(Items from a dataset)
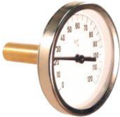
T 63/50 termometras
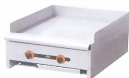
Gas Griddle (Flat Plate) Model : ET-RGT-24 W610xD840xH360+60mm Power:60,054BTU/hr N/W:91kg
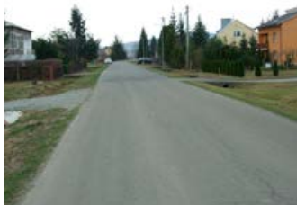
Powiat składa wniosek na przebudowę drogi – strona 3
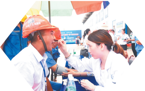
零距离服务广大职工,工会成为了职工的贴心“娘家人”。

新时代要有新气象,新使命要有新作为。让我们以党的十九大精神为指引,开拓进取、锐意创新,奋力开创新时代南京工会改革发展新局面,团结动员全市广大职工在建设“强富美高”新南京中发挥主力军作用,为全面建成小康社会、奋力谱写社会主义现代化新征程南京篇章作出新的更大贡献!
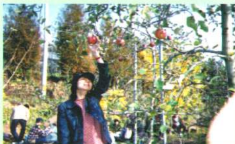
いいお天気にめぐまれリンゴ狩り
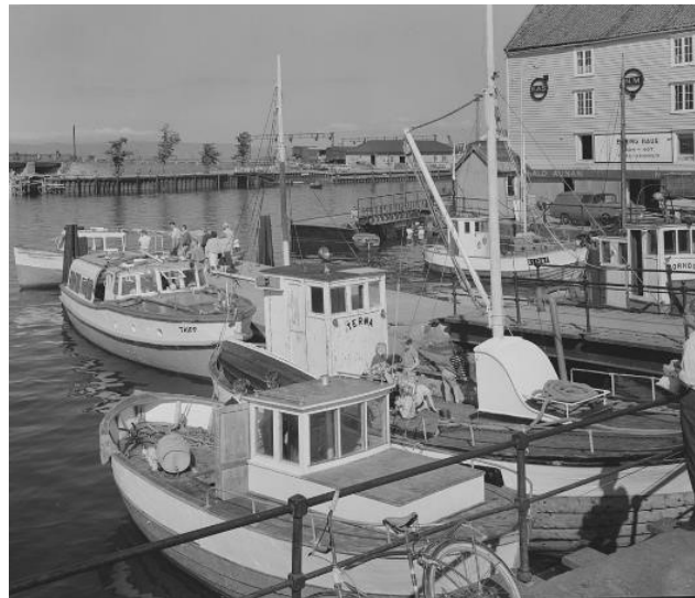
Ravnkloa 1964: Kilde Nasjonalbibliotekets bildesamling.

Mange vil nok kjenne igjen omgivelsene fra Ravnkloa selv om flere ting har forandret seg siden 1964. Munkholmbåten «Tripp» ligger til kai sammen med fiskebåtene, og i bakgrunnen skimter vi fløtmannen ved Fosenkaia.
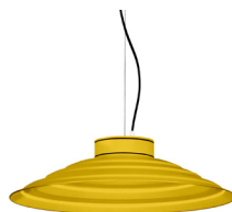
13: RAL 1023 Jaune signalisation texturé
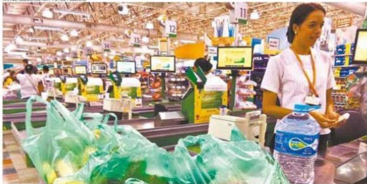
Pode cobrar - Supermercados não precisam fazer doação das sacolas e vão continuar cobrando por elas
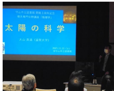
講演会当日の様子

内容 最新の画像や動画も用いながら、太陽の素顔を紹介していただきました。参加者は約半数が学生層で、中高生だけではなく小学生の姿も見え、家族連れで参加された方もありました。参加者からは「例えがわかりやすかった」「太陽について詳しく知ることができてよかった」等、学ぶ楽しさを感じてくださった方が多数いらっしゃいました。
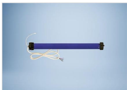
[heroal Connect R TM]

Das Unterputzmodul heroal Connect RS zur smarten Steuerung von Rollläden und Sonnenschutz verschwindet unsichtbar hinter vorhandenen Wandschaltern/-tastern.
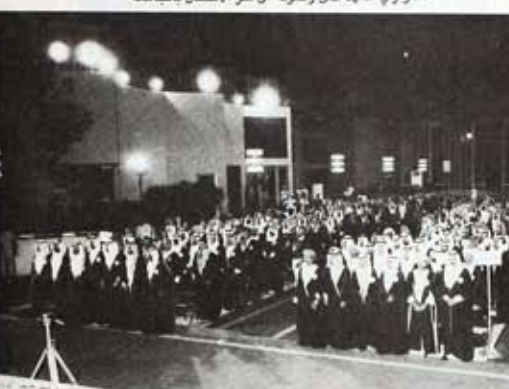
خريجو الدفعة ١٢ يتخذون امكانهم في الحفل
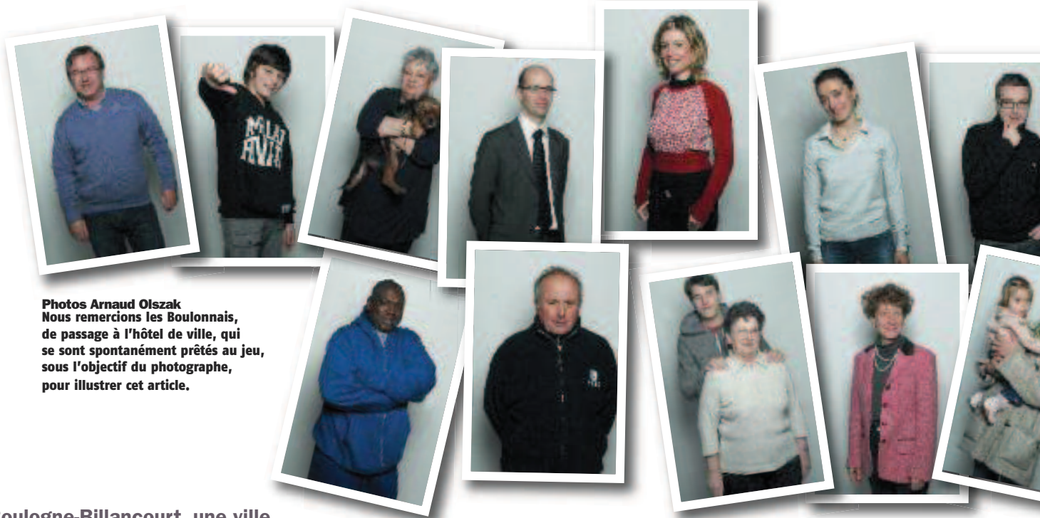
Nous remercions les Boulonnais, de passage à l'hôtel de ville, qui se sont spontanément prêtés au jeu, sous l'objectif du photographe, pour illustrer cet article.

Boulogne-Billancourt, une ville en mouvement. Depuis le dernier recensement de 1999, la population s'est accrue de près de 5 000 habitants. Si la moyenne d'âge des Boulonnais augmente légèrement, grâce en partie à la vitalité des seniors, d'autres caractéristiques se dégagent des chiffres de l'INSEE mis en perspective par le nouveau service Observatoire et statistiques de la Ville. La cité attire des jeunes familles avec un ou deux enfants, mais aussi des familles monoparentales de plus en plus nombreuses (+15 %). Par ailleurs, les personnes seules (en majorité des femmes), sont toujours aussi nombreuses. Elles occupent près d'un logement sur deux. Femmes, hommes, enfants, nouveaux arrivés, retraités, actifs, qui sont les Boulonnais ?
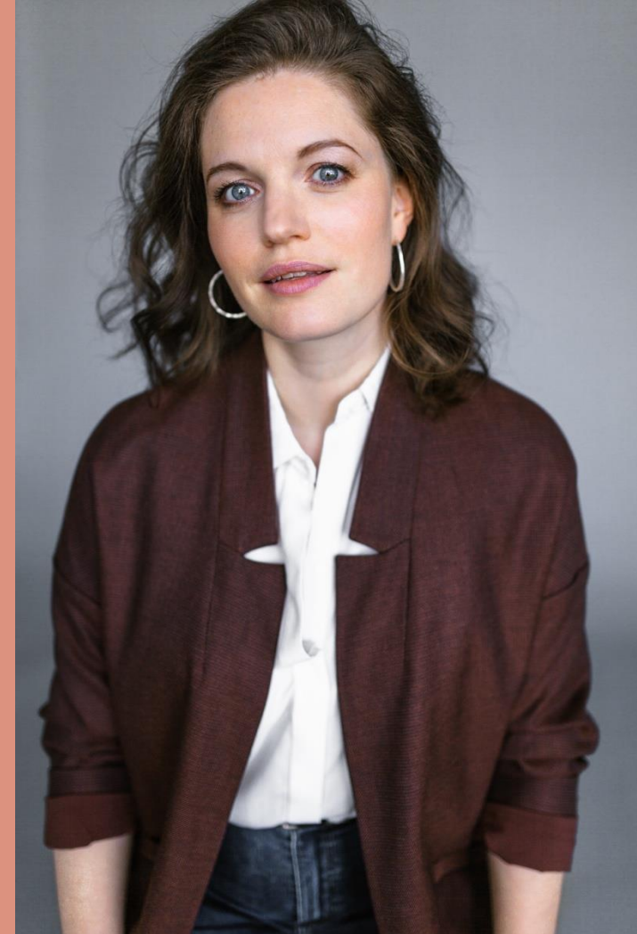
Noémie F. Savoie Texte, recherche et interprétation
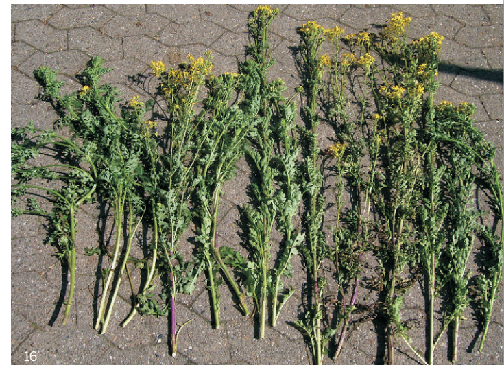
15 Triebe entsprechen 1000 g Frischmasse oder 150 g Trockenmasse

Die Gefahr ist erheblich, wenn man sich vor Augen führt, dass ein einzelner ausgewachsener Trieb im Mittel etwa 70 g Frischmasse oder 10 g Trockenmasse wiegt. Die auf dem Foto unten gezeigten 15 Triebe haben zusammen bereits ein Frischgewicht von 1000 g.

### What you are asked to do
Whenever a line of the data above includes the word "sont", copy that line.

### Your solution
Nous remercions les Boulonnais, de passage à l'hôtel de ville, qui se sont spontanément prêtés au jeu, sous l'objectif du photographe, pour illustrer cet article.
Boulogne-Billancourt, une ville en mouvement. Depuis le dernier recensement de 1999, la population s'est accrue de près de 5 000 habitants. Si la moyenne d'âge des Boulonnais augmente légèrement, grâce en partie à la vitalité des seniors, d'autres caractéristiques se dégagent des chiffres de l'INSEE mis en perspective par le nouveau service Observatoire et statistiques de la Ville. La cité attire des jeunes familles avec un ou deux enfants, mais aussi des familles monoparentales de plus en plus nombreuses (+15 %). Par ailleurs, les personnes seules (en majorité des femmes), sont toujours aussi nombreuses. Elles occupent près d'un logement sur deux. Femmes, hommes, enfants, nouveaux arrivés, retraités, actifs, qui sont les Boulonnais ?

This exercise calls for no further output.